Another JDK release, another version of a post in this series: this time JDK 22 GA is almost here and so I am going to entertain you with latest changes for the stop-the-world garbage collectors for OpenJDK for that release. ;)
Overall I think this release provides fairly significant changes in the stop-the-world collector area like JEP 423: Region Pinning for G1. Next to the actual change in functionality it required some at least technically interesting changes under the hood. Also both Serial and Parallel GC young collection got performance improvements.
The full list of changes for the entire Hotspot GC subcomponent for JDK 22 is here, showing around 230 changes in total being resolved or closed at the time of writing. This does not completely reflect changes on garbage collectors some of the significant ones were attributed to other subsystems but had significant impact on garbage collection pause times.

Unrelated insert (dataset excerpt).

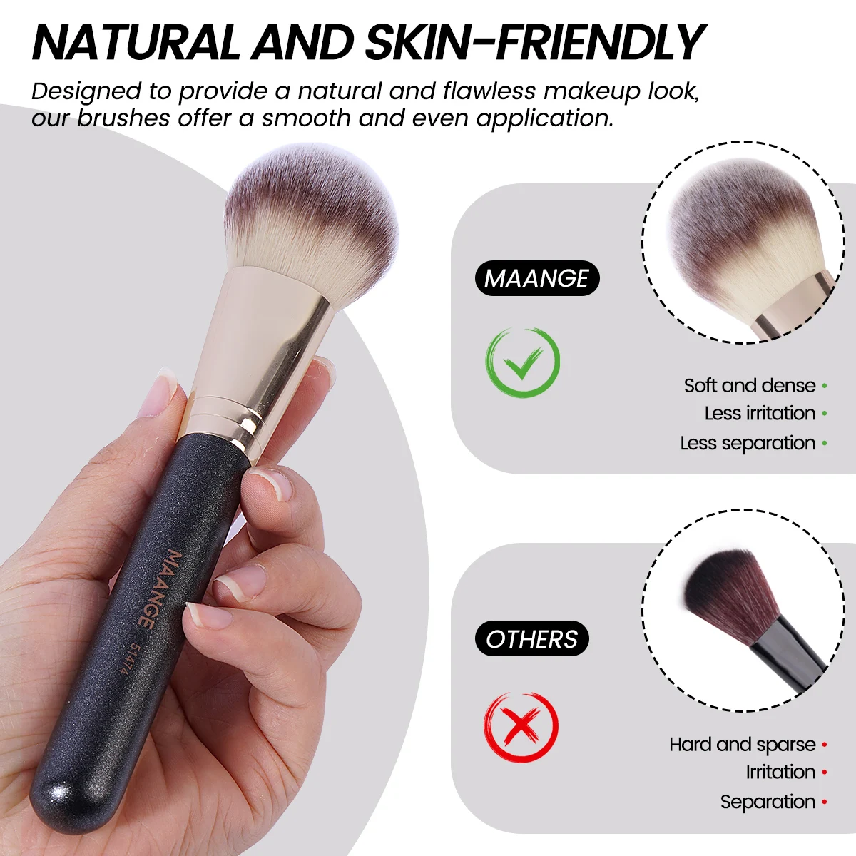 【Soft & Quick-Dry Bristles】: The bristle is made of durable synthetic fiber, which evenly and efficiently sticks to catch the powder, Easy to care for, clean and quick-dry.
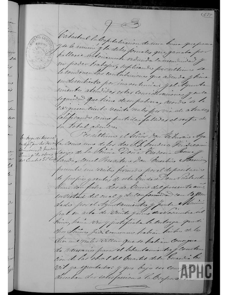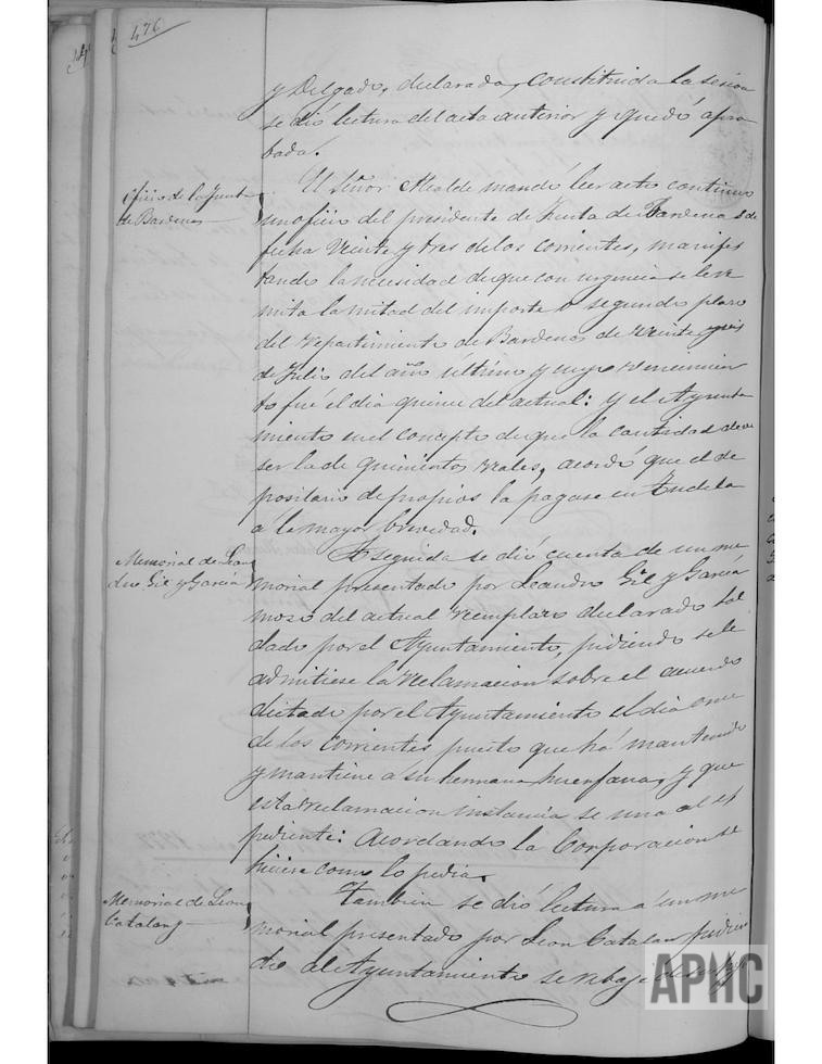 Se informa de oficio del Presidente de la Junta de Bardenas, reclamando el pago del segundo plazo de la imposición de fecha 26 de julio del pasado año; el Ayuntamiento acuerda se abone por el Depositario de Propios entregase la cantidad de 500 reales a que asciende dicha cantidad, en Tudela. Se informa de escrito de Leandro Gil García, mozo del actual reemplazo declarado soldado por el Ayuntamiento pidiendo se le admitiese la reclamación en función del acuerdo del Ayuntamiento, puesto que ha mantenido y mantiene a su hermana huérfana y que este escrito se una a su expediente; la Corporación acuerda se hiciese conforme se solicita. Escrito de León Catalán, solicitando la baja de su hoja catastral de una burra que poseía y se murió y la condonación de las deudas por contribuciones, ya que no puede trabajar; el Ayuntamiento teniendo en consideración su situación de pobreza, acuerda se le exijan sólo la cantidad de 120 reales por concepto de atrasos, calificando como partidas fallidas el resto de la deuda. Tiburcio Ayala, como uno de los dos herederos fideicomisarios de Teodosia Sesma Landa, con el presbítero Eusebio Marcilla, presentó un recibo firmado por el Depositario de Propios Nicolás Andueza, con fecha 2 de enero del presente año, confirmado la entrega que se le hizo en dicha fecha de los 10.000 reales, según se acordó por el Ayuntamiento y la Junta Municipal, para financiar las obras de habilitación de cuartel para la Guardia Civil; haciendo constar que la fecha para el devengo de los correspondientes intereses sea la fecha de 2 de enero en que se realizó dicha entrega.

Following is the usual run-down of interesting changes for the Hotspot stop-the-world collectors in JDK 22:
Finding old-to-young references is a significant task during generational garbage collection. Parallel (and Serial) GC use a card table for this purpose. First, mutators mark card table entries that potentially contain references as “dirty”. Then, during the pause the algorithm scans the card table for these dirty marks, and looks through the objects indicated by these marks given they potentially have old-to-young references.
Parallel GC (as the name implies) uses multiple parallel threads when looking through the typically large card table. The work distribution mechanism for card table scanning partitions the heap into 64kB chunks. Any card marked objects starting in that area are owned by that thread for processing.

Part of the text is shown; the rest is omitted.